Primeiramente, o dataset California Housing será utilizado para ajustar os hiperparâmetros de um modelo de Árvore de Decisão.
# Importação de bibliotecas:
import pandas as pd
from sklearn.datasets import fetch_california_housing
from sklearn.model_selection import train_test_split, GridSearchCV
from sklearn.tree import DecisionTreeClassifier
from sklearn.metrics import accuracy_score
import numpy as np
# Carregando dataset:
housing = fetch_california_housing()
X = pd.DataFrame(housing.data, columns=housing.feature_names)
y = housing.target
# Transformando em classificação, estilo faixas de preço:
y_class = pd.qcut(y, q=3, labels=["baixo","medio","alto"])
# Divisão entre treinoe teste:
X_train, X_test, y_train, y_test = train_test_split(X, y_class, test_size=0.3, random_state=42)
# Modelo:
dt_clf = DecisionTreeClassifier(random_state=42)

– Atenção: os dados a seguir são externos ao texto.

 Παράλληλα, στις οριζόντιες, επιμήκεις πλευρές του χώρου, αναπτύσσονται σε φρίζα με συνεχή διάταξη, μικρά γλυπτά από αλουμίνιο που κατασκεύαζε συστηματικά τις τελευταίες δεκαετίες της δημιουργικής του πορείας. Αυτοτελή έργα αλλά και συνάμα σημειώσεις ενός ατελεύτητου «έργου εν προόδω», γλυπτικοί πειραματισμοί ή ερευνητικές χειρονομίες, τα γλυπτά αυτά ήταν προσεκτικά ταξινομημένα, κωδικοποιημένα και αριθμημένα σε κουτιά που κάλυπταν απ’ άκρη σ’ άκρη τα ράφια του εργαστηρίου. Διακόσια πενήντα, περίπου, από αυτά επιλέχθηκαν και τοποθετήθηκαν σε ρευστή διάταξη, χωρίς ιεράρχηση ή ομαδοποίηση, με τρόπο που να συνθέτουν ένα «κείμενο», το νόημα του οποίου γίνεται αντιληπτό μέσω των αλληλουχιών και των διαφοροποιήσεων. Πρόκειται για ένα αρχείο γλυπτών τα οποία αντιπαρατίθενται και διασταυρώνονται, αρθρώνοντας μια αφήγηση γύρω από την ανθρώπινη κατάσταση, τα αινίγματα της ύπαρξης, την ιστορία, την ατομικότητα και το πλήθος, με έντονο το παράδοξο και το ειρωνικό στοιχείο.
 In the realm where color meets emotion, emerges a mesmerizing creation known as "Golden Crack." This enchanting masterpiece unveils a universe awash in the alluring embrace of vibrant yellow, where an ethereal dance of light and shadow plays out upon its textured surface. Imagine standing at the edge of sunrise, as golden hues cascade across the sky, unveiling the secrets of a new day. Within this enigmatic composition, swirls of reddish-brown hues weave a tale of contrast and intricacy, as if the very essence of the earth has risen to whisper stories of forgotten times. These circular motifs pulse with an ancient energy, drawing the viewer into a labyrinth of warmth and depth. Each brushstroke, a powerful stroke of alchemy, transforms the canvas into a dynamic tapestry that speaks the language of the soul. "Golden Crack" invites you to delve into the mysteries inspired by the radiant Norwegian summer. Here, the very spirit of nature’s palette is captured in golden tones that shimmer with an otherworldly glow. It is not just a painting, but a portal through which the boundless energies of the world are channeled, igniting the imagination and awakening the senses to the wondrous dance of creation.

# Grid de hiperparâmetros:
param_grid = {
"max_depth": [3, 5, 7, None],
"min_samples_split": [2, 5, 10],
"min_samples_leaf": [1, 2, 4]
}
# Aplicação de GridSearchCV:
grid_search = GridSearchCV(dt_clf, param_grid, cv=5, scoring="accuracy")
grid_search.fit(X_train, y_train)
print("Melhores parâmetros:", grid_search.best_params_)
# Avaliação no conjunto de teste:
best_model = grid_search.best_estimator_
y_pred = best_model.predict(X_test)
print("Acurácia no teste:", accuracy_score(y_test, y_pred))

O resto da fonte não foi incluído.